** WHAT THE EXERCISE ASKS **
Transcribe every entry exactly; the images stay out.

** DATASET EXTRACT **
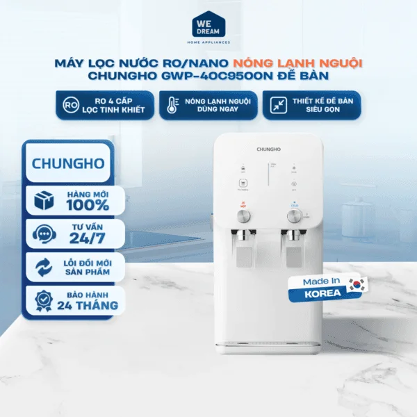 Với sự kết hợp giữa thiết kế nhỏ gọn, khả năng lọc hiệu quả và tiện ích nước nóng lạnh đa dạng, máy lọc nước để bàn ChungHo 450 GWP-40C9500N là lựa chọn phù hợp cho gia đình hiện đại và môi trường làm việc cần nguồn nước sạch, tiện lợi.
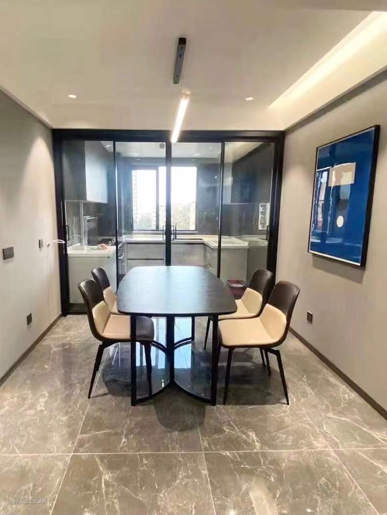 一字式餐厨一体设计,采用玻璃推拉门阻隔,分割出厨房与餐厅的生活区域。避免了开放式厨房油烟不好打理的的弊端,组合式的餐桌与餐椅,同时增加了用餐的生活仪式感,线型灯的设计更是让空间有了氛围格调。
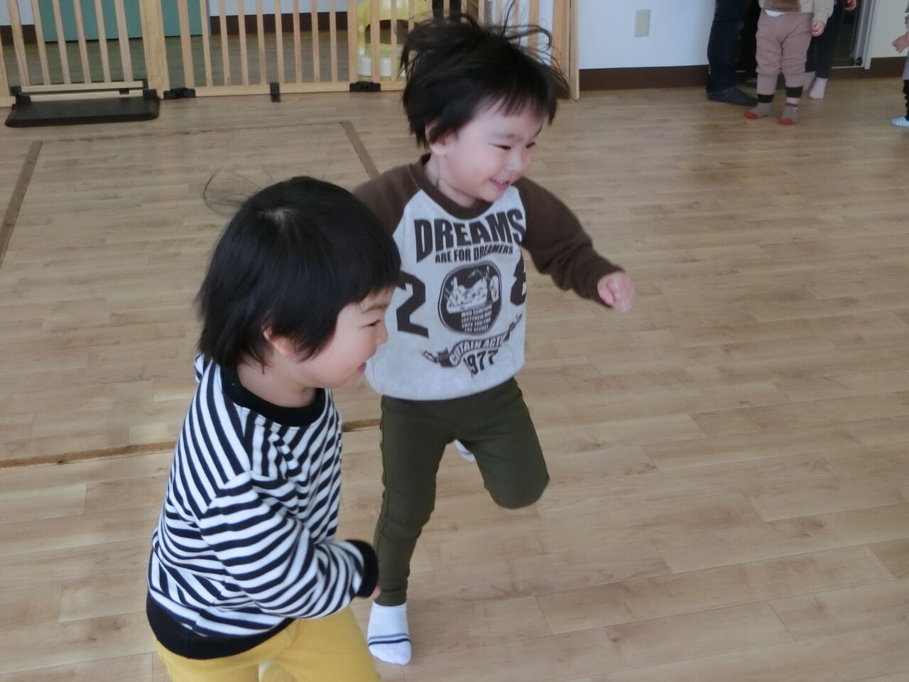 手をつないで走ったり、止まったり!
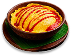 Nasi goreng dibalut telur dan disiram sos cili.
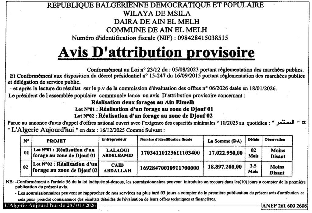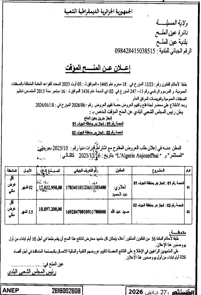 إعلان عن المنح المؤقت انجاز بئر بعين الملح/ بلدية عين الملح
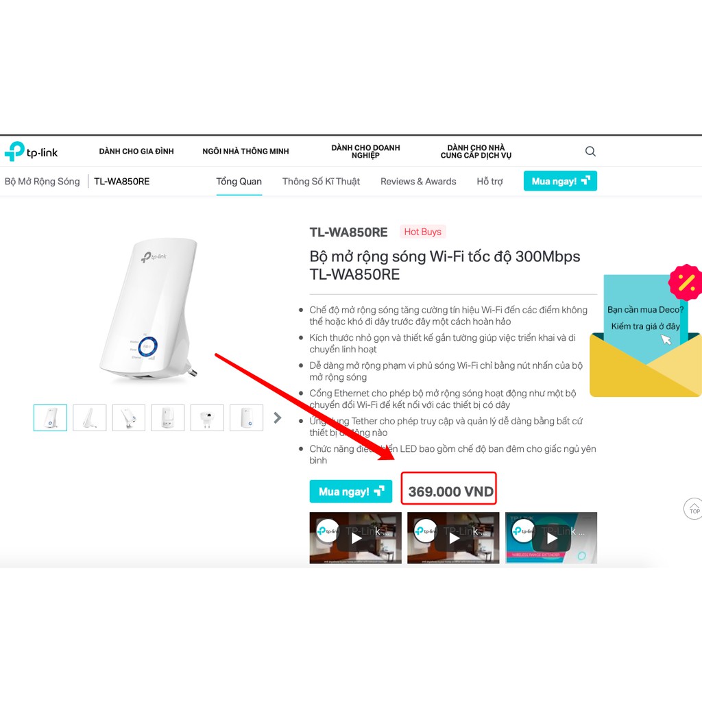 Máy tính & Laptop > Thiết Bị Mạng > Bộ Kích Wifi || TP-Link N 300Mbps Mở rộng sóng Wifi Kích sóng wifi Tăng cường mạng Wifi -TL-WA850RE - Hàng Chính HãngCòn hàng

** TASK SOLUTION **
 Với sự kết hợp giữa thiết kế nhỏ gọn, khả năng lọc hiệu quả và tiện ích nước nóng lạnh đa dạng, máy lọc nước để bàn ChungHo 450 GWP-40C9500N là lựa chọn phù hợp cho gia đình hiện đại và môi trường làm việc cần nguồn nước sạch, tiện lợi.
 一字式餐厨一体设计,采用玻璃推拉门阻隔,分割出厨房与餐厅的生活区域。避免了开放式厨房油烟不好打理的的弊端,组合式的餐桌与餐椅,同时增加了用餐的生活仪式感,线型灯的设计更是让空间有了氛围格调。
 手をつないで走ったり、止まったり!
 Nasi goreng dibalut telur dan disiram sos cili.
 إعلان عن المنح المؤقت انجاز بئر بعين الملح/ بلدية عين الملح
 Máy tính & Laptop > Thiết Bị Mạng > Bộ Kích Wifi || TP-Link N 300Mbps Mở rộng sóng Wifi Kích sóng wifi Tăng cường mạng Wifi -TL-WA850RE - Hàng Chính HãngCòn hàng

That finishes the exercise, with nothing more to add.